MQSABRE algorithm for hardware-aware qubit mapping optimization.

MQSABRE extends the SABRE (SWAP-based BidiREctional heuristic search) algorithm by incorporating hardware-specific characteristics into the mapping optimization process. The algorithm performs initial mapping and routing optimization in three phases:

  1. Initial mapping: Uses a graph-center-based approach to generate an initial mapping that minimizes the average distance between frequently interacting qubits.

  2. Mapping optimization: Employs bidirectional heuristic search with a hardware-aware cost function.

  3. Circuit transformation: Inserts SWAP gates and transforms the circuit to be compatible with hardware constraints.

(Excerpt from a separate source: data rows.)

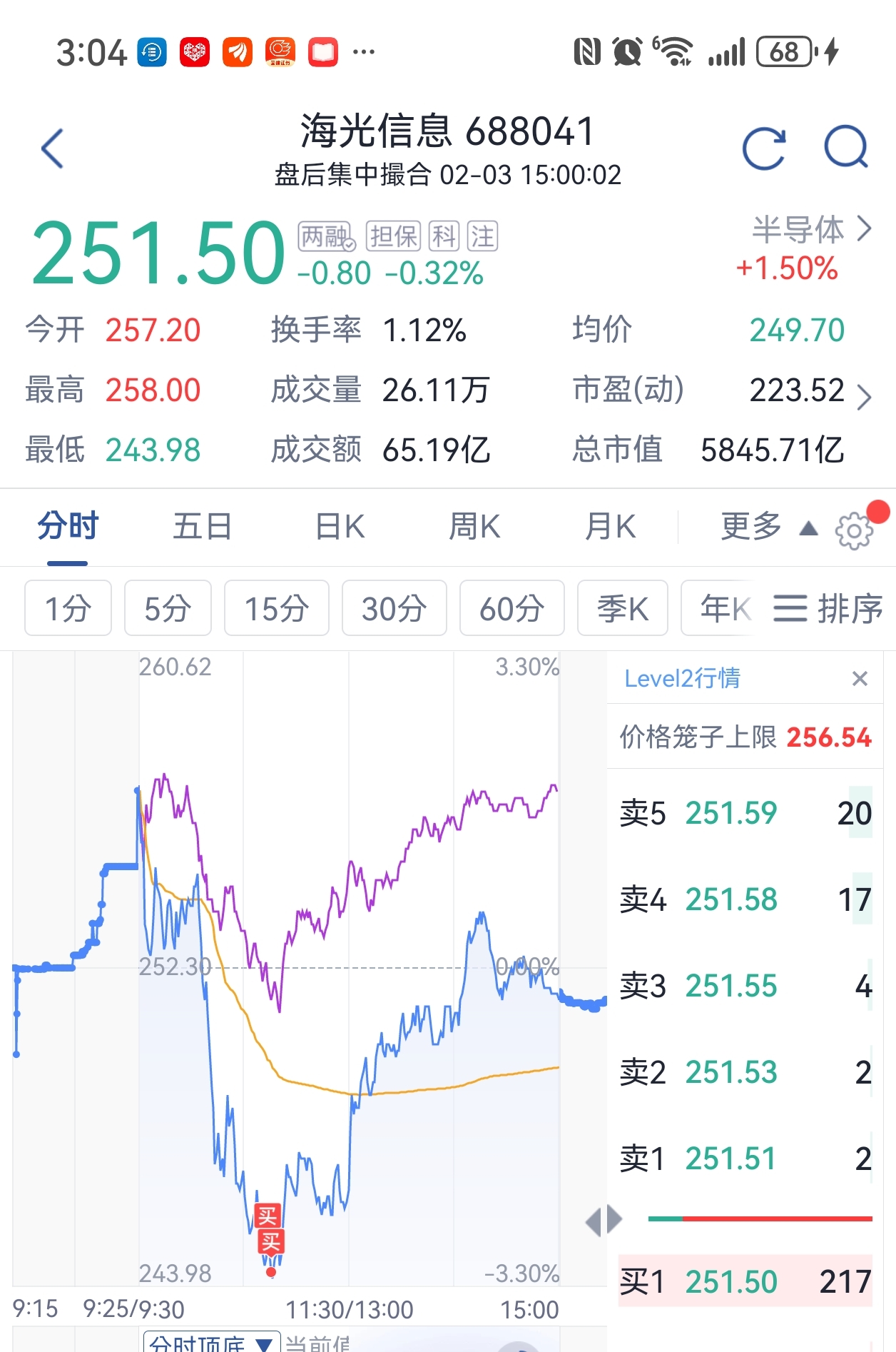 $海光信息(SH688041)$ 今早底部加大仓,不T就看到288位置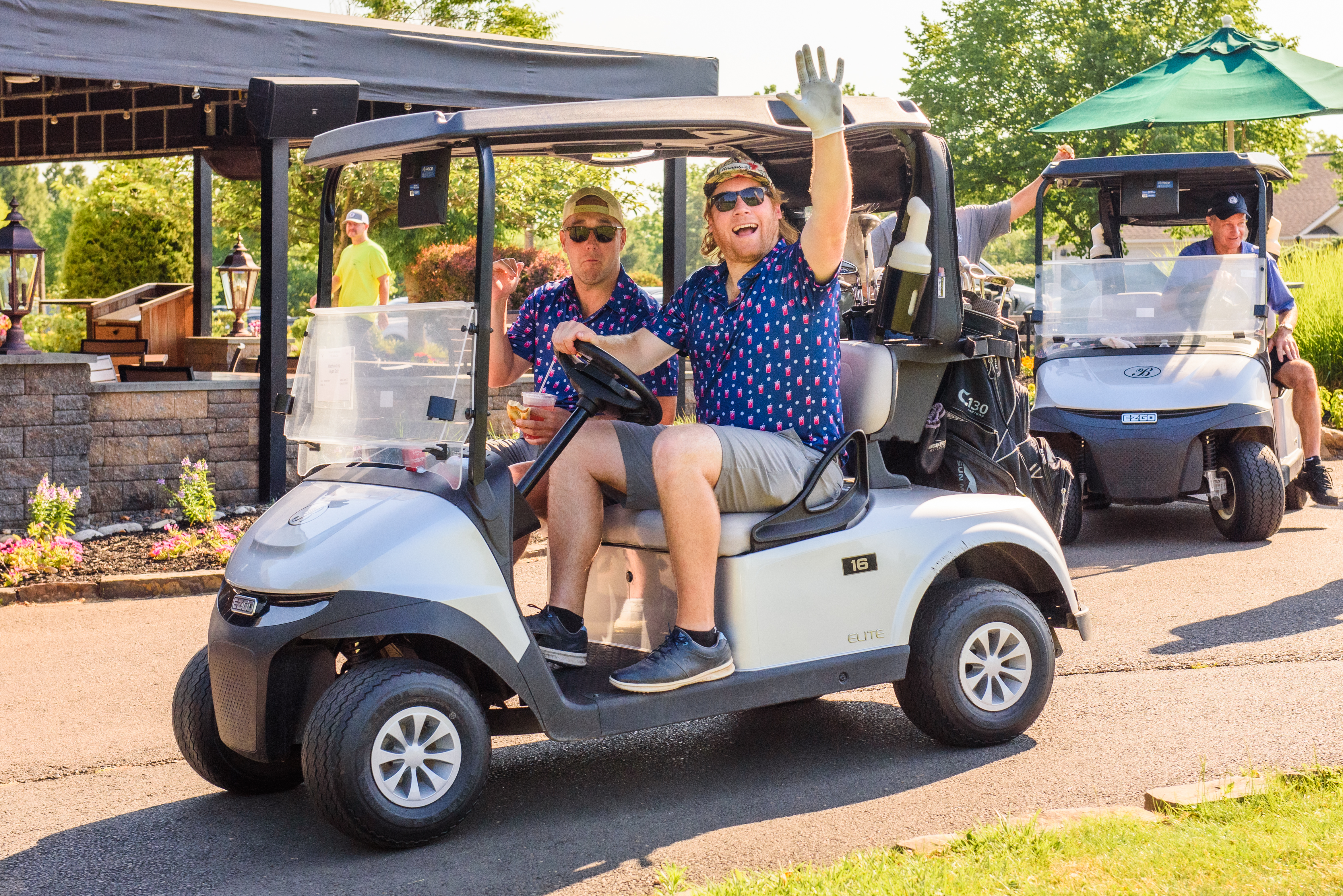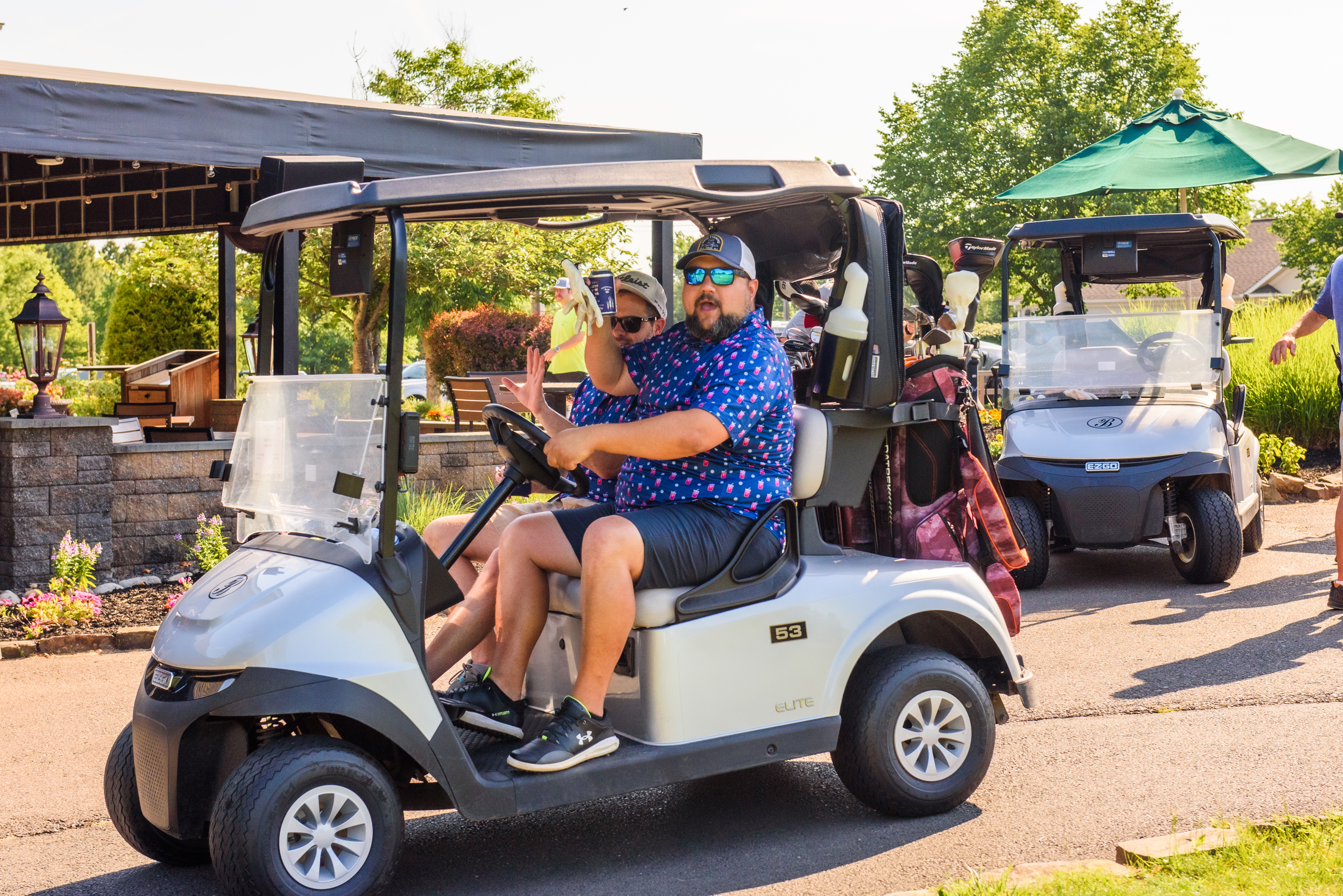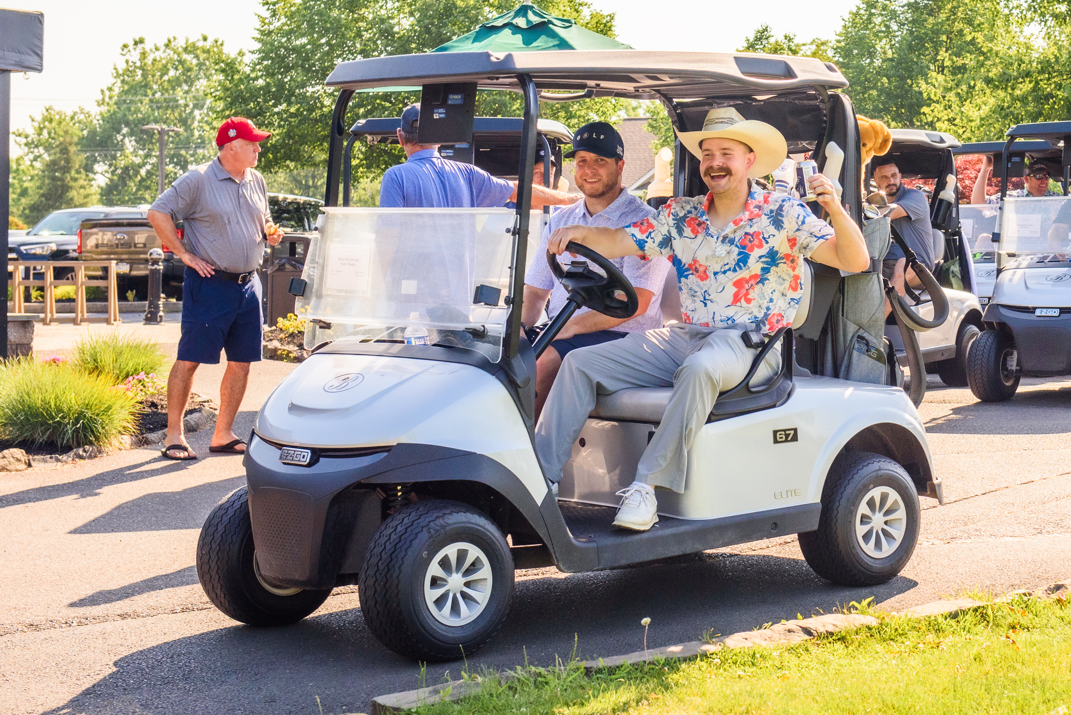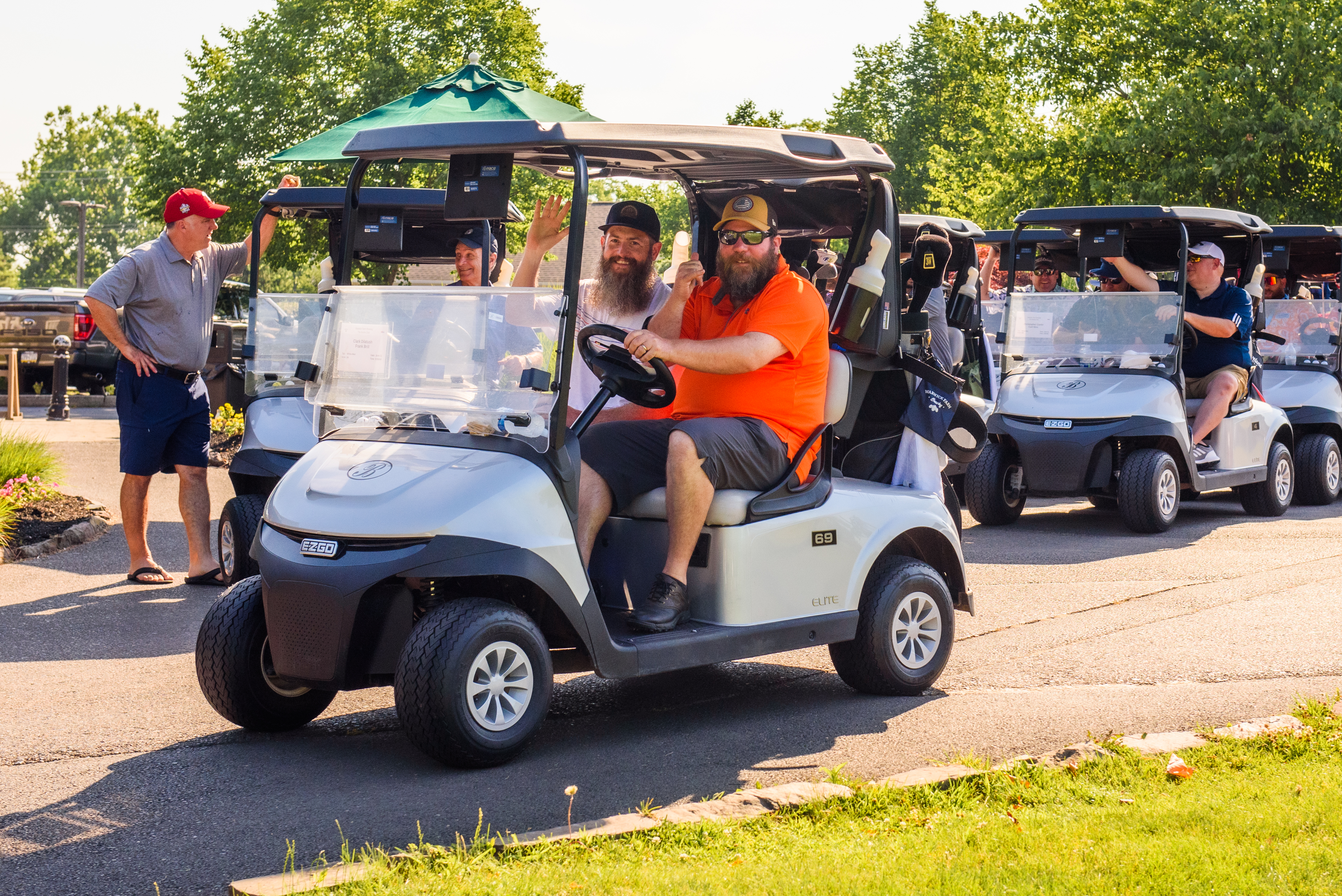 | 08:30 AM | Seated in carts - Pre-tournament message | Outside of clubhouse |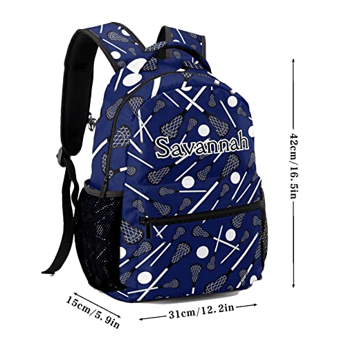 Custom Dark Blue Lacrosse Sticks Waterproof Backpack Bookbag with Name for Birthday Holiday Gift 4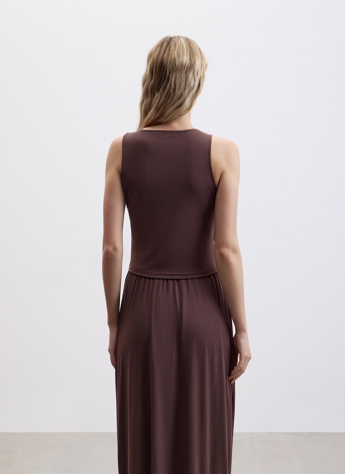 Флюидная ткань мягко обтекает фигуру и очень приятно касается тела. Лёгкий материал позволяет коже дышать даже в тёплое время года.

The algorithm uses a weighted cost function that combines three metrics: H = α₁D + α₂K + α₃T where:

  • D: Shortest path distance between qubits in the coupling graph

  • K: Error rate metric derived from CNOT and SWAP success rates

  • T: Gate execution time metric considering CNOT and SWAP durations

  • α₁, α₂, α₃: Weight parameters for balancing different optimization objectives

Parameters
  • circuit (Circuit) – The quantum circuit to be mapped. Currently only supports circuits composed of single-qubit gates and two-qubit gates (including controlled gates).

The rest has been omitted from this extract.